E-asy Does it as Formula E looms into view

Yesterday F1’s biggest challenger in years, Formula E completed a complete test simulation of an entire weekend at the Donnington Circuit in Northampton. I’ll admit to having not paid attention to the series recently after the announcement that the series will be broadcast live in the UK on the ITV network. The season will run the opposite way round to F1 and thus the season will start on the 13th of September in Shanghai. The biggest thing the series has managed to achieve over the past few months has been to secure races at classic street circuits in Monaco (The circuit is yet to be confirmed but its timing suggests it will be run in Monaco’s racing season on the Anthony Nogues circuit on the 9th of May) and Long Beach.

The series is concentrating on Street racing as the all electric championship is being used to promote the use of zero tailpipe emission cars in metropolitan areas. The inaugural season will see the 10 teams field 2 drivers in 2 cars each (drivers swap cars during the hour long races to avoid recharging) and all will field the Renault Spark car. The car has been built by Dallara with the power unit coming from the McLaren P1 super car and a battery designed by the Williams Group but from the 2015-2016 teams will be increasingly free to design their own parts for the car. To this end the most interesting team on the grid is the Audi ABT team leading to the widespread belief that Audi will produce their own power units next season along with the DAMS entry being backed by Renault.

There are some serious names behind the series too with a long list of former F1 drivers (Alugersauri, Buemi, Trulli, Heidfeld, Senna, Chandok, D’Ambrosio) there are also teams that will ring a bell for many motorsport fans – as mentioned DAMS and ABT alongside Dragon Racing, Andretti, Aguri, Mahindra and Virgin. There will be many who have raced in GP2 and F1 who are eying the series as a contender to keep their profile high and race in front of a large TV audience which outside of F1 is only really available in the US.

While the series will allow the manufactures to increase their technology base for their road cars (The current cars produce around 250 – 300 Bhp which is road relevant) it will initially provide a platform to promote electric cars as a viable option. The series is an attractive option however like many of the previous attempts to create rival motorsport series (Superleague Formula & A1 Grand Prix) it has a few questionable elements. The horrible fan boost idea allowing drivers more power during a race as a result of an online poll is a horrific idea to put any of Bernie’s mad off the cuff comments into the shade and also the choice to blast music during the races is a strange idea (with electric cars there wont be much in the way of engine noise – a major issue with electric cars). Also the decision to race on street circuits will hopefully bring in plenty of fans if the price is right (lets be honest who wouldn’t plonk down £30/40/50 to go watch top drivers race when all it takes is a brief tube/train/bus ride?) however many street circuits suffer from tight twisty slow corners with a lack of over taking due to the tight confines of the circuits. Many of the circuits listed are new and I hope for the sake of the series they’ve mostly got the layouts right because 2 hours of F1 filled drama may far out weigh the hour long traffic jam racing around city centers.

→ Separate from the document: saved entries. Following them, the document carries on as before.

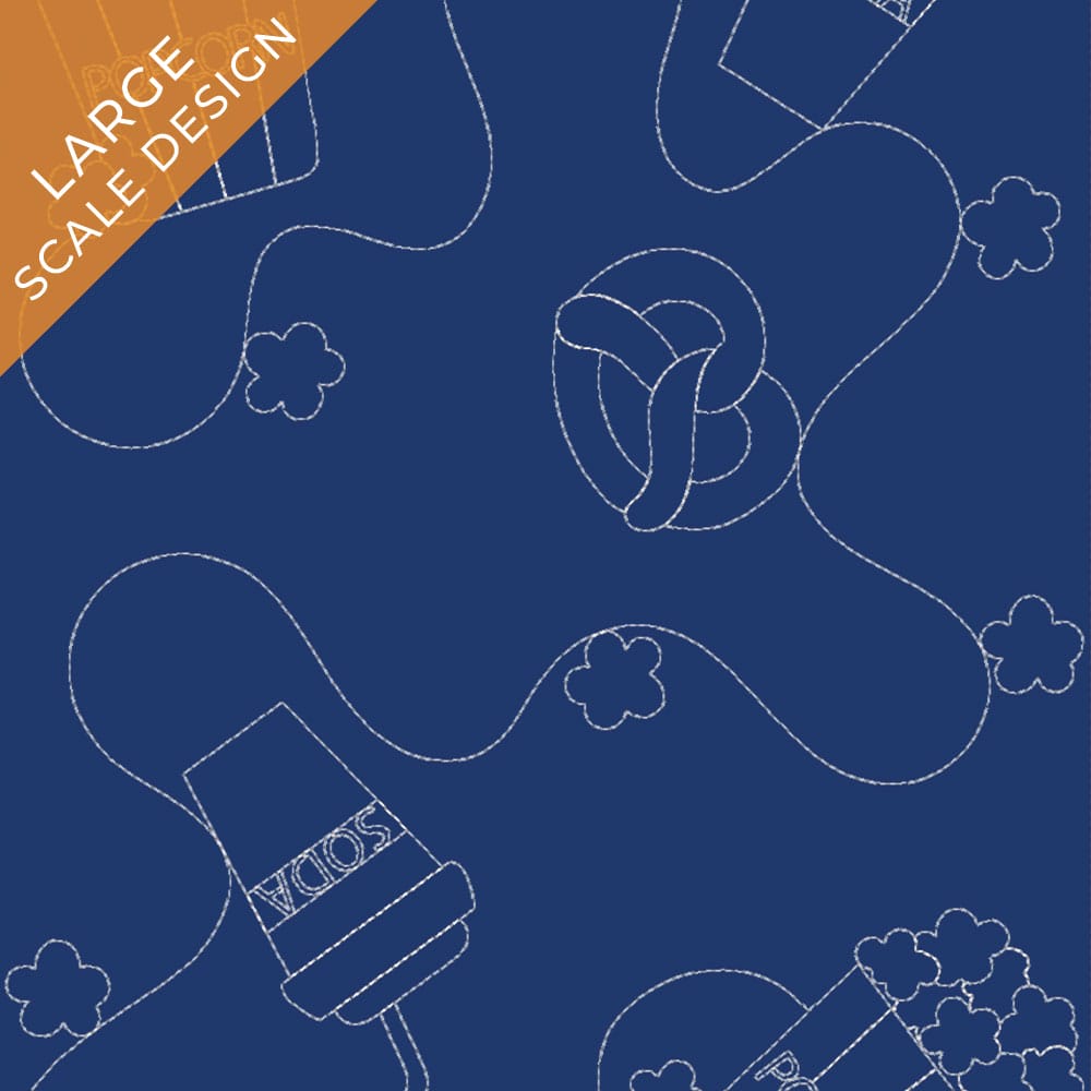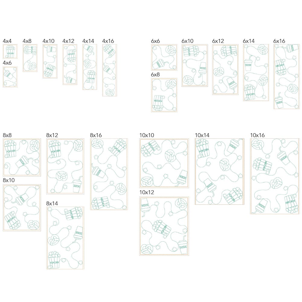 Again, your purchase of the large-scale Food 8 design includes 44 file sizes: 22 files for the Clear Blue Tiles quilting method and 22 files for the Block-by-Block quilting method. These large-scale design files fit within machine embroidery hoop sizes 4×4 to 10×16!
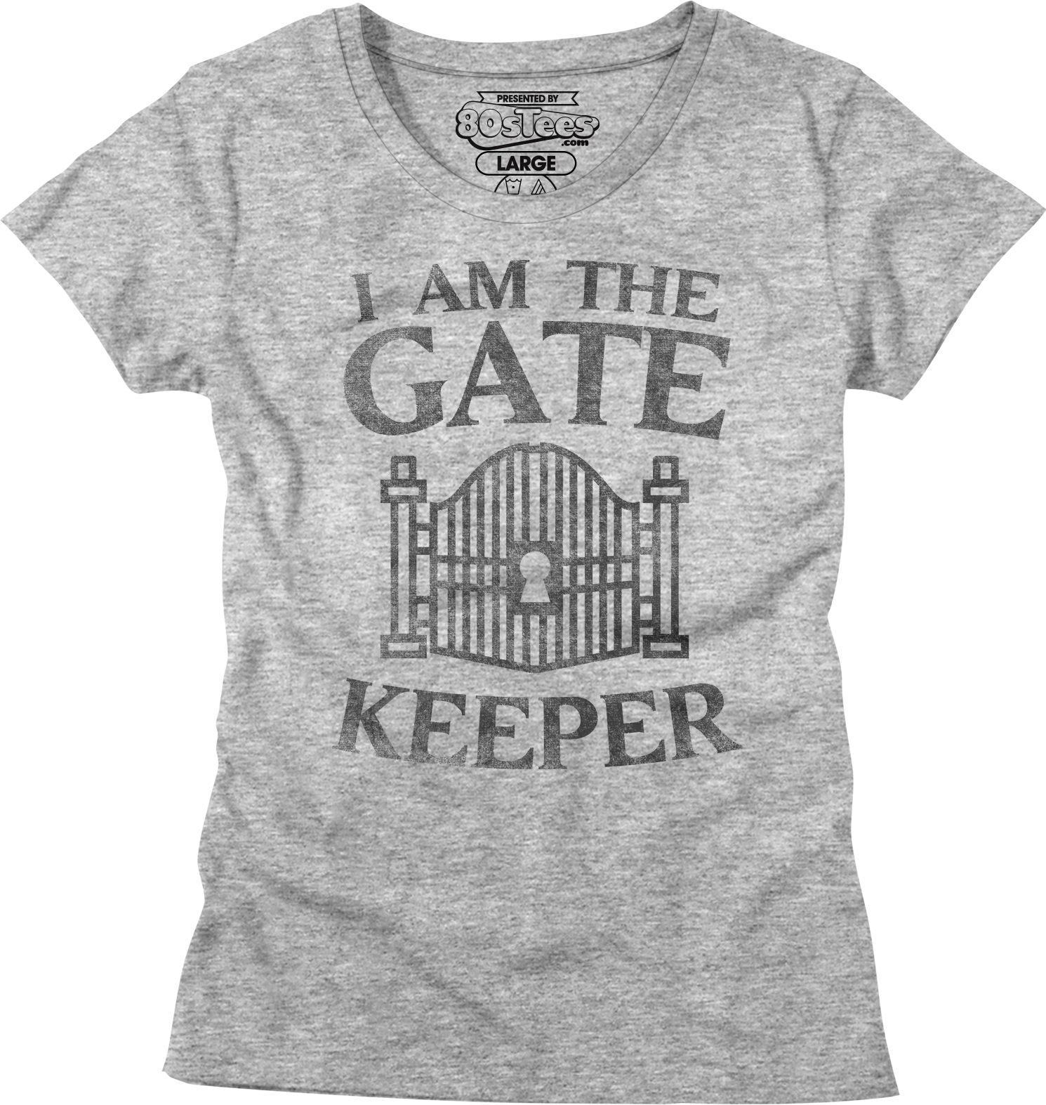 This womens 80sTees.com exclusive Ghostbusters shirt shows a locked gate, and the shirt reads I Am The Gatekeeper.
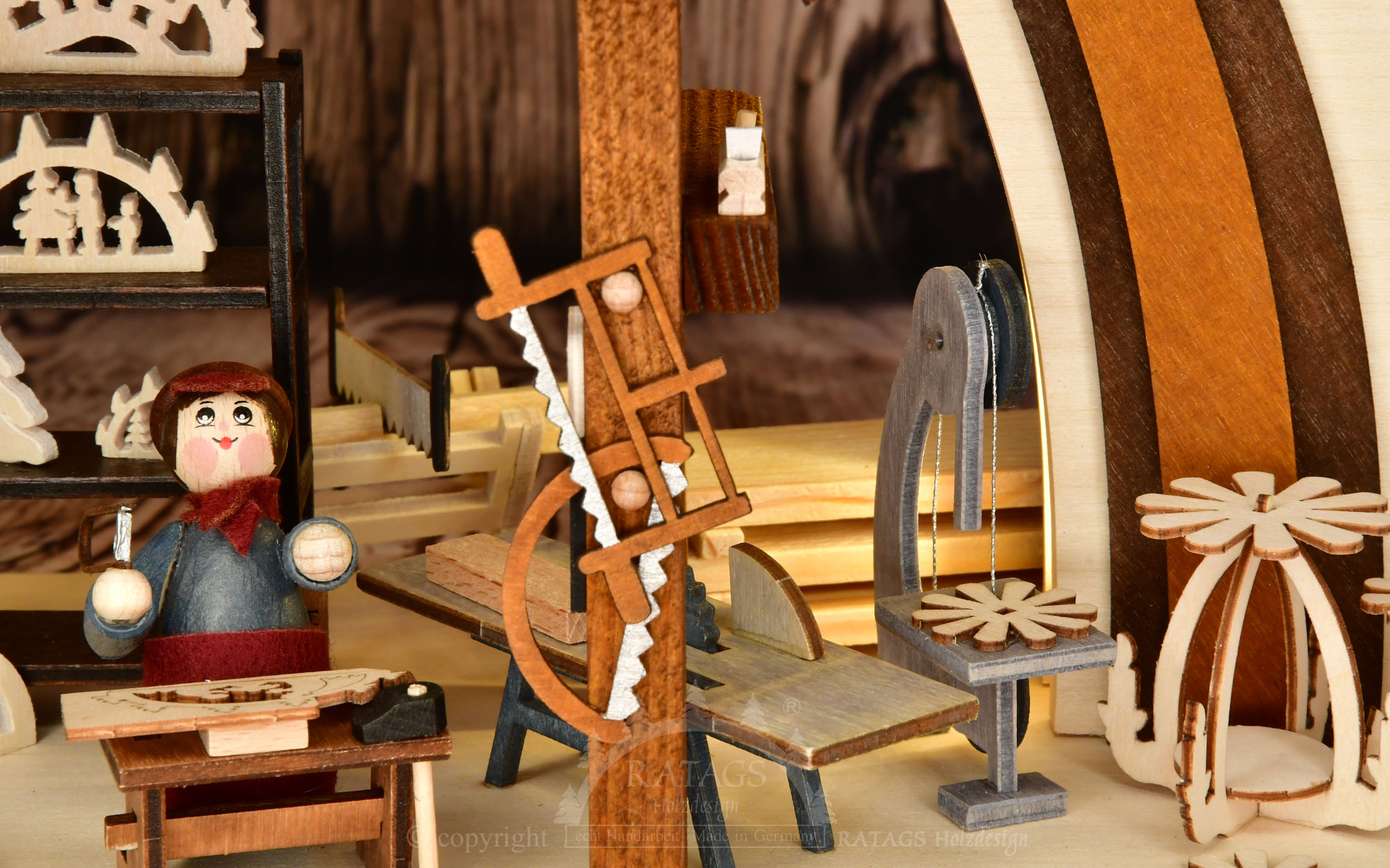 A charming solid wood Schwibbogen from RATAGS. The work in a carpenter's workshop is depicted with extraordinary detail. This workshop specialises in the production of Erzgebirge wood art. A carver sits at a well-stocked workbench, apparently working on figures for pyramids and candle arches. Another employee stands at a woodturning lathe, making classic chip trees, while his colleague next door is doing some fine fretwork. A rip saw for coarser pieces, a band saw, an axe, a plane iron, several hacksaws and various hand tools also belong in a well-equipped carpentry workshop. Raw products, accessories and materials required for further production are stored everywhere. The broom is ready to sweep up the wood waste and shavings at the end of the day. Cosily covered and decorated with representative exhibits, this pretty carpentry workshop is perfectly illuminated by a glare-free LED strip. All figures are made of solid wood. This candle arch is an eye-catcher and will make the hearts of all lovers of Erzgebirge craftsmanship beat faster.

Clearly the series is aimed at the younger audiences that aren’t tuning into F1 as its demographic grows ever older, the under 30’s are a market that motorsport is currently not reaching due to a number of factors. F1 is the only worldwide motorsport championship but ever increasing prices at races alongside the move to pay TV have put it out of reach of many families. Additionally the increasingly costly and rule heavy roads have seen many youngsters opt for trains and buses rather than their driving license. Furthermore F1 has failed to engage in new media and has constantly under mind itself with constant rule changes and bickering in the press alongside stilted corporate drivers. Finally the opulence and splendor of F1 might be seen as a turn off to many teenagers and young adults who are increasingly struggling to make reasonable wages in the wake of the 2008 fiscal crash.

If Formula E can attract manufactures alongside bringing the races to the people and putting sport first (drop fan boost!!!!) F1 could have a serious contender on its hands.